China is suddenly on many more Americans’ radar, though, thanks to current events. A new Pew study shows an increasing number of Americans think unfavorably of China. Just 47% of Americans shared that view in 2018, but now two-thirds of respondents are wary of the nation.
The study also showed a bipartisan breadth to the trend, although Republicans’ anti-China sentiment topped Democrats’ by 10 points (72% to 62% unfavorable).
Most actors haven’t spoken up about the Hollywood-China bond up until now, and little has changed since the pandemic began. One political comic proved the exception, using his late-night perch to name check China’s role in the crisis.
The host of HBO’s “Real Time with Bill Maher” scorned the notion that we can’t call the virus the “Chinese” flu during his April 10 show and called out China for an ongoing history of practices conducive to the spread of viruses.
Cheng says another way the relationship stayed under cover is the pressure Chinese officials place on U.S.-based studios. Consider the stories that aren’t told, or the Chinese villains that never make it to the big screen.
The 2012 “Red Dawn” remake, for example, found the studio swapping out the script’s original enemy, China, for North Korean troops at the last minute. The studio took that makeover mission upon itself.
The movie adaptation of Max Brooks’ “World War Z” novel changed the source material so the zombie outbreak didn’t begin in China.

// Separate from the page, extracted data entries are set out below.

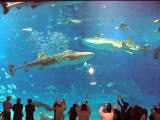 公園内の美ら海水族館は海からくみ上げた海水を再び海に返す循環システム。ジンベイザメやマンタなどが泳ぐ巨大水槽の強化アクリルの厚みは60cmもあり、世界最大と聞く。広大な敷地で2時間の自由見物時間は短く、イルカのおきちゃん劇場は見物できなかった。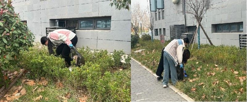 同学们手持环保垃圾袋,以饱满的热情投入到这场意义非凡的环保行动中。他们穿梭在学院楼附近的草坪中,仔细搜寻并清理每一处垃圾,他们的身影成为了春日里一道亮丽的风景线。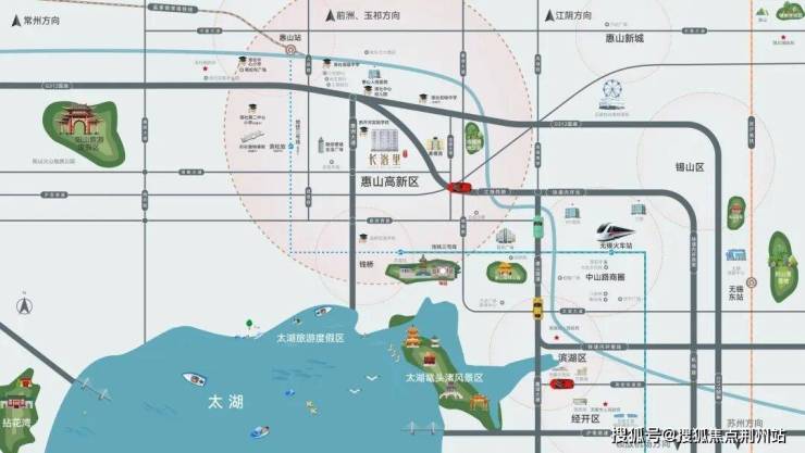 项目位于惠山区江海路与洛南大道交汇处,周边坐拥杉杉奥莱(在建)、亿丰商业广场、百乐时代广场等商业配套,新开河实验学校、洛社初级中学、洛社高级中学等优质教育资源环伺,生活氛围浓厚。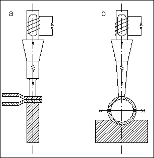 Zasada zgrzewania ultradźwiękowego bezpośredniego (a), oraz zgrzewania ultradźwiękowego pośredniego (b):

“Chinese prefer self-censorship,” Cheng says, another way random moviegoers miss the connection. “It’s very hard to be aware of self-censorship.”
And don’t anticipate any Hollywood stories pinning the pandemic blame on China.

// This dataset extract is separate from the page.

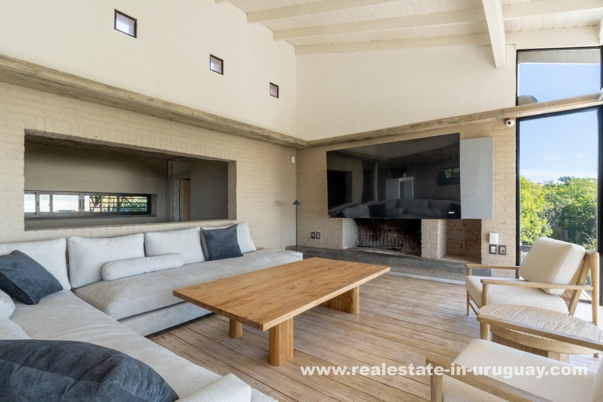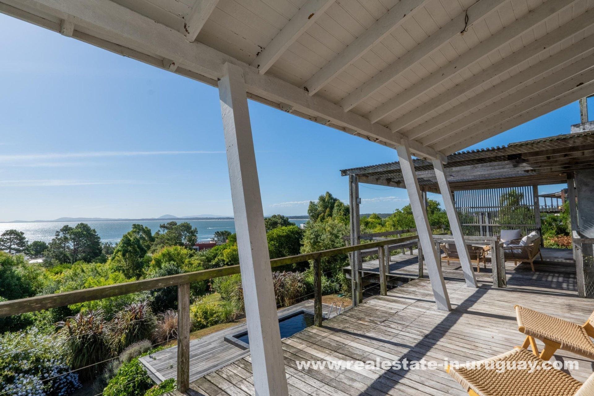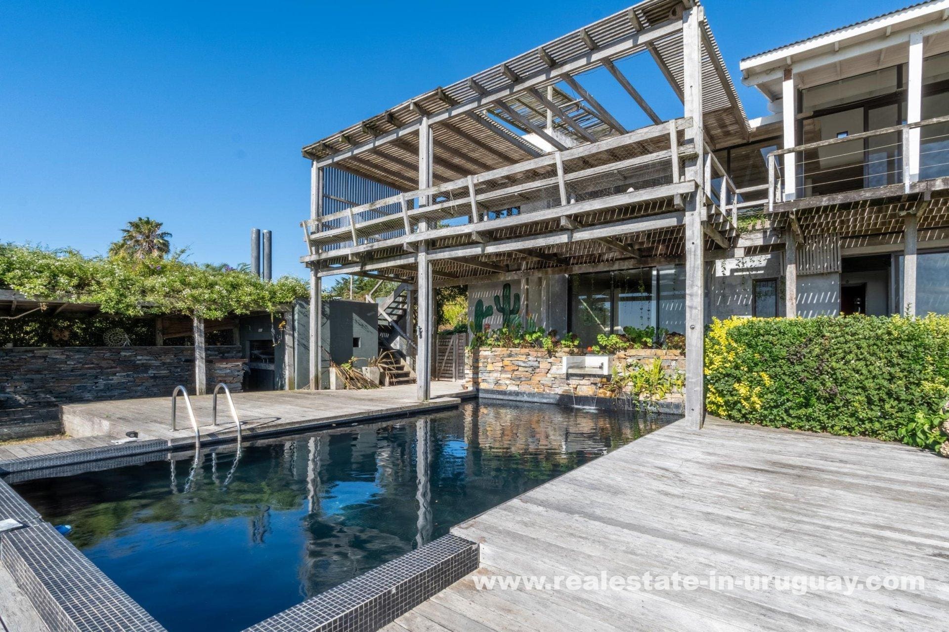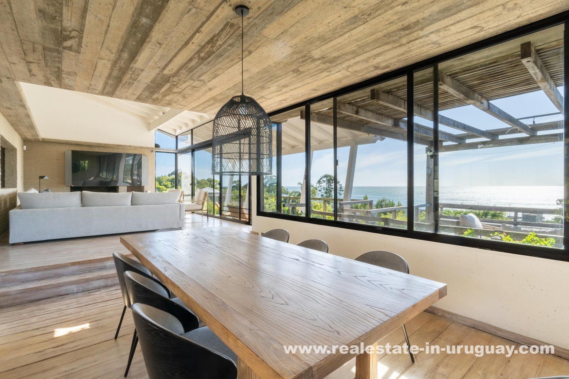 Explore a sophisticated haven in Punta Ballena, presenting breathtaking sea views and unparalleled luxury. This magnificent property features a spacious living/dining area complete with a wood-burning stove and a contemporary, fully-equipped kitchen. On the ground floor, indulge in two comfortable bedrooms each featuring en-suite bathrooms, while the exquisite master suite occupies the mezzanine, offering en-suite facilities and direct access to a versatile room presently serving as an office, yet equally adaptable as a fourth en-suite bedroom. Relish outdoor living with expansive exterior decks accessible from all rooms, culminating in an upper deck with a large lounge area that boasts stunning coastal vistas.

“There’s a lot of sensitivity about Asians [in Hollywood] and how they’re portrayed,” he says, adding he doesn’t imagine any screenwriters penning ripped-from-the-headline stories about China’s possible malfeasance in the current crisis.

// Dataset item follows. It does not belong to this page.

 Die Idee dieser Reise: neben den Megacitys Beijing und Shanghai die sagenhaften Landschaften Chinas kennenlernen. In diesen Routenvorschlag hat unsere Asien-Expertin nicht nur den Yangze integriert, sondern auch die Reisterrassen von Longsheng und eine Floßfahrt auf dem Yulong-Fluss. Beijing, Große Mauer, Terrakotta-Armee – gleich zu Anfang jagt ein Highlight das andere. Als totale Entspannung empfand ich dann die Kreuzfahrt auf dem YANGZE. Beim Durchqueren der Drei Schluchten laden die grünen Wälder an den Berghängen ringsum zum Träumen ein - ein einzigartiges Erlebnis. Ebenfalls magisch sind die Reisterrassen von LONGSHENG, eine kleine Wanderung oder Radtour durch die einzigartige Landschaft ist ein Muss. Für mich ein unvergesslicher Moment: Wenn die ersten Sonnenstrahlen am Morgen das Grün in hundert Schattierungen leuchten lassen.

Still, Cheng envisions the two sides working together in some capacity following the pandemic’s end. That’s especially true given China’s intact political might.
Chao predicts a more immediate Hollywood-China fissure, but he doesn’t see it lasting long.
“After some time passes, China and Hollywood will come together,” Chao says. “Audiences will forget and go back to watching Hollywood, but we may not see the ‘Chinese scenes’ anymore.”
The industry, he adds, may start dividing its product into Western-friendly fare and China-ready stories.
Film producer Mark Joseph says that in the short term the fate of an ailing, Chinese-owned, U.S.-based theater chain may tell part of the story.
"A key point to watch will be what happens with AMC,” says Joseph, whose screen credits include “The Vessel” and “No Safe Spaces.” “Will it declare bankruptcy? Will the Chinese owners sell to an American company?”
Like Hollywood, though, this story will depend on the third act, meaning the precise role China played in the pandemic’s origins.
“This may be the most dangerous time in the U.S.-China relationship since before Nixon opened up China to the West,” Joseph says.